PROBLEM REQUIREMENTS → Repeat the span of the entries below that starts at the line with "빈티지 바늘꽂이 관련 물건들과 왕골함, 별표재봉사 기차표 실 등 일괄입니다." and ends at the line with "Traumhafte, edle Dirndlschürze", nothing more. Skip the pictures.

DATASET RECORDS →
☆ ☆ ☆ ☆ ☆
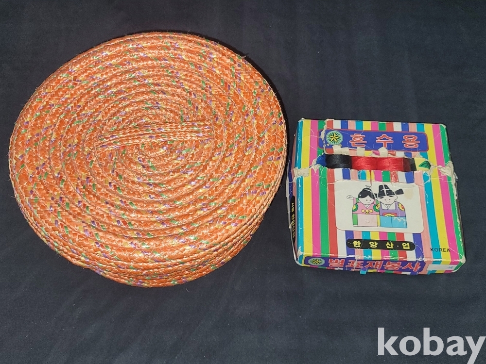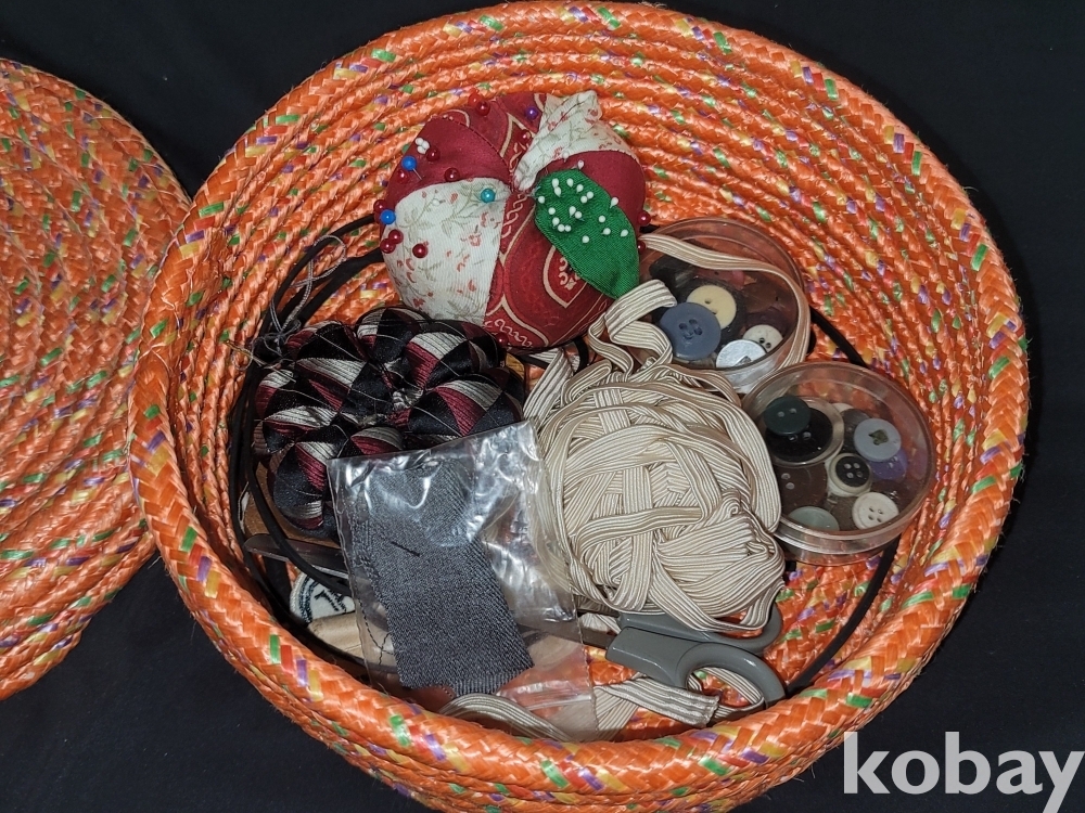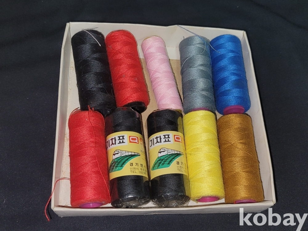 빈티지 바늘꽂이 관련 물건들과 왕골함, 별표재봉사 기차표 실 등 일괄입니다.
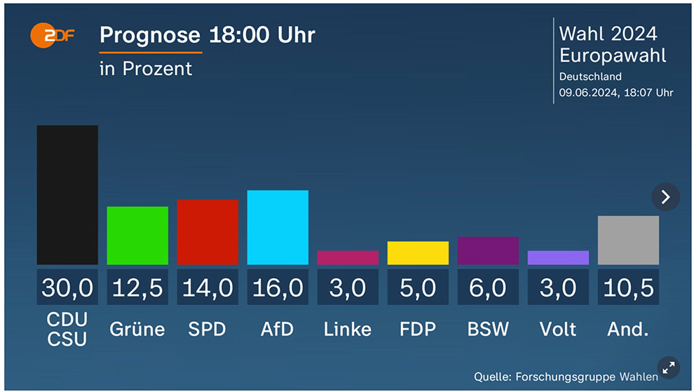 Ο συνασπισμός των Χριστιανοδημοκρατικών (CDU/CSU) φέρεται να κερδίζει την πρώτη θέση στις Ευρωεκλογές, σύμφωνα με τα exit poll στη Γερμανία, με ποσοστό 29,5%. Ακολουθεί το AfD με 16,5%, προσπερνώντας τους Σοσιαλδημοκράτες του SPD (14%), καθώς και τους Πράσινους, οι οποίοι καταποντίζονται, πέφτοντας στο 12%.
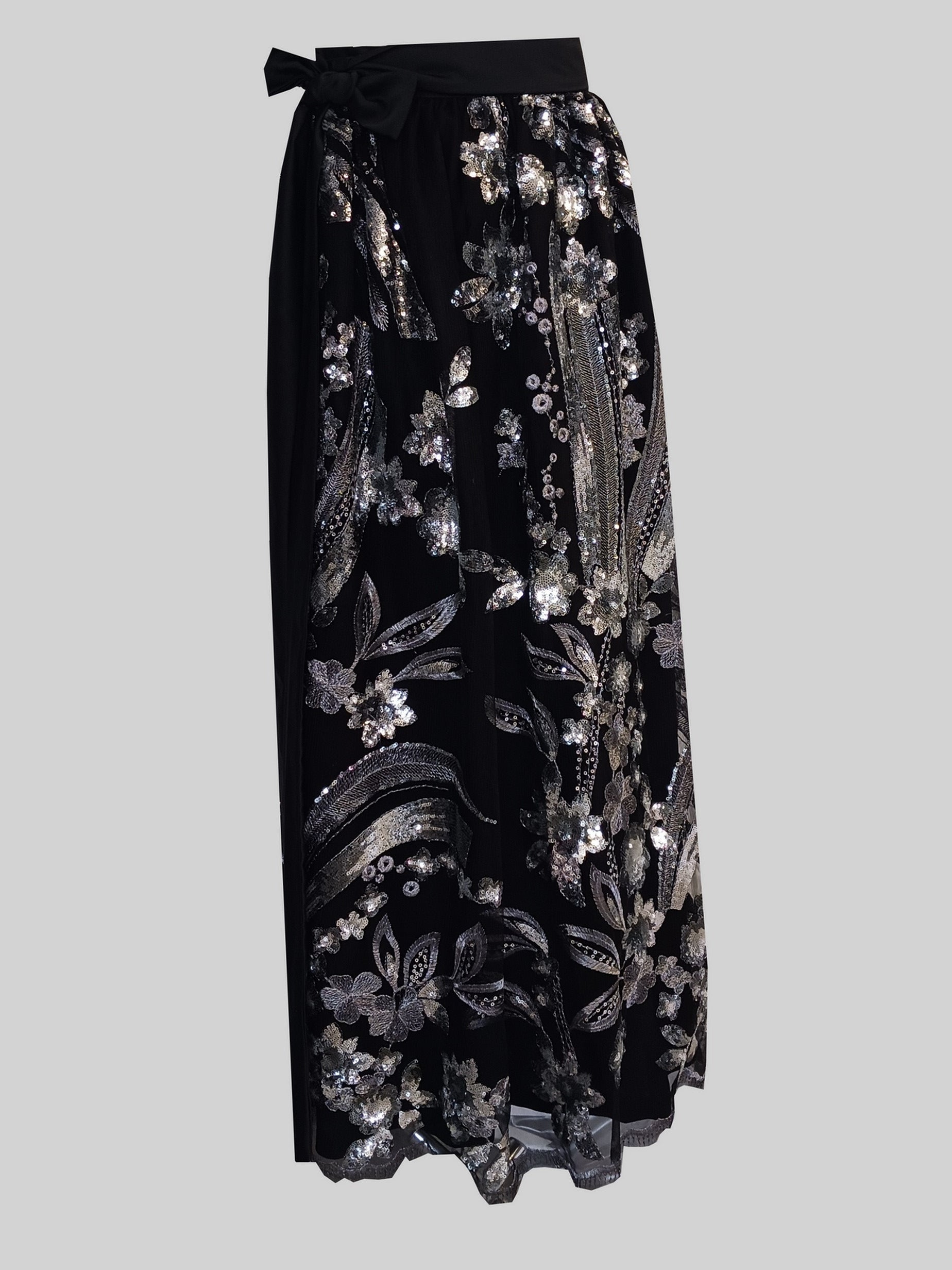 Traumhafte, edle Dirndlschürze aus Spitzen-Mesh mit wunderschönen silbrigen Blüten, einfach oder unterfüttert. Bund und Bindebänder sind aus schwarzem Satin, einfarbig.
☆ ☆ ☆ ☆ ☆
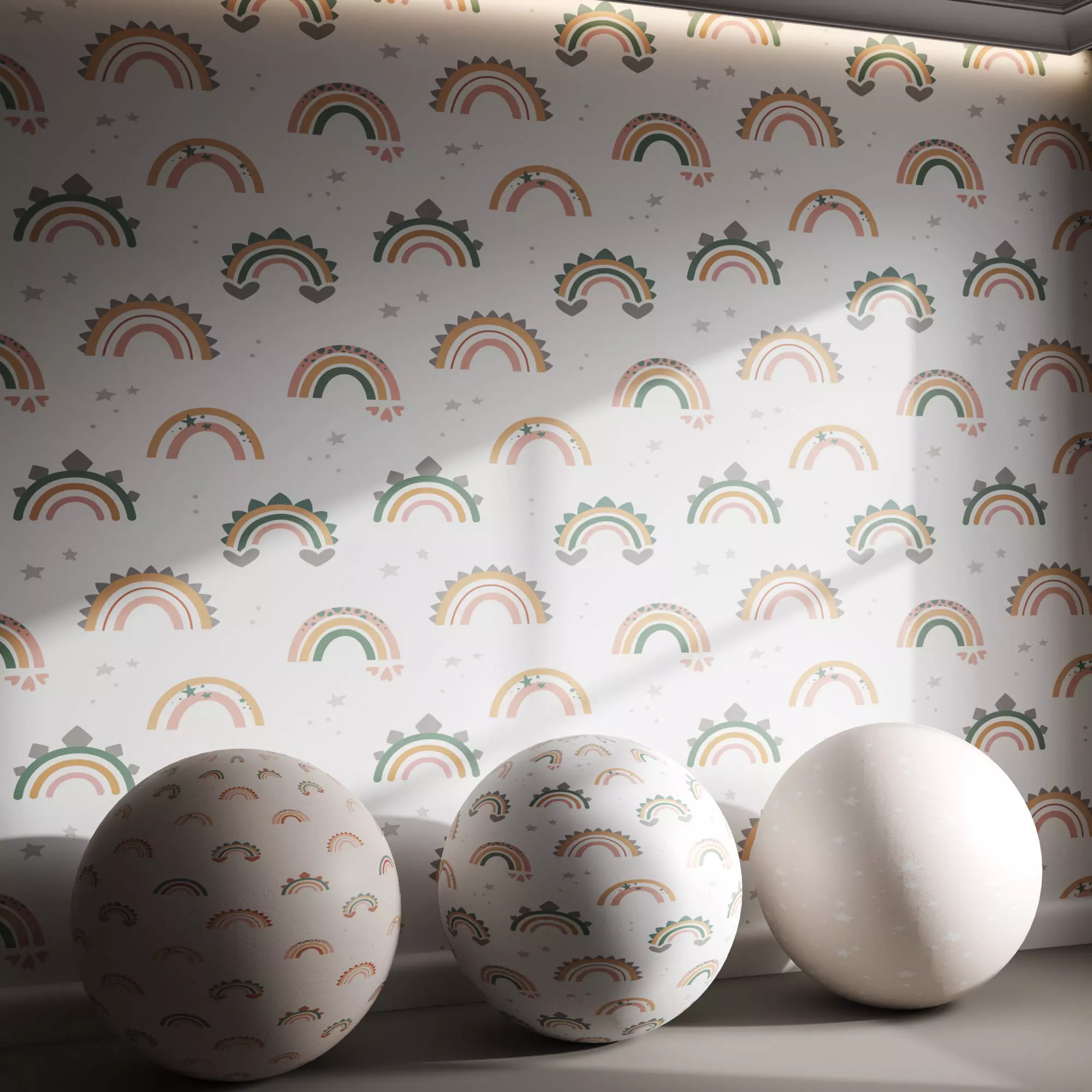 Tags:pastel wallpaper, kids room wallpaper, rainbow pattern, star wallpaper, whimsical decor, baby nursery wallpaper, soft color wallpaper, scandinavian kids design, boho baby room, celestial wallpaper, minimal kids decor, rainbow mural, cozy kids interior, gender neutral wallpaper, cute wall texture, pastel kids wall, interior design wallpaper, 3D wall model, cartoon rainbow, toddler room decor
☆ ☆ ☆ ☆ ☆
TASK SOLUTION →
 빈티지 바늘꽂이 관련 물건들과 왕골함, 별표재봉사 기차표 실 등 일괄입니다.
 Ο συνασπισμός των Χριστιανοδημοκρατικών (CDU/CSU) φέρεται να κερδίζει την πρώτη θέση στις Ευρωεκλογές, σύμφωνα με τα exit poll στη Γερμανία, με ποσοστό 29,5%. Ακολουθεί το AfD με 16,5%, προσπερνώντας τους Σοσιαλδημοκράτες του SPD (14%), καθώς και τους Πράσινους, οι οποίοι καταποντίζονται, πέφτοντας στο 12%.
 Traumhafte, edle Dirndlschürze aus Spitzen-Mesh mit wunderschönen silbrigen Blüten, einfach oder unterfüttert. Bund und Bindebänder sind aus schwarzem Satin, einfarbig.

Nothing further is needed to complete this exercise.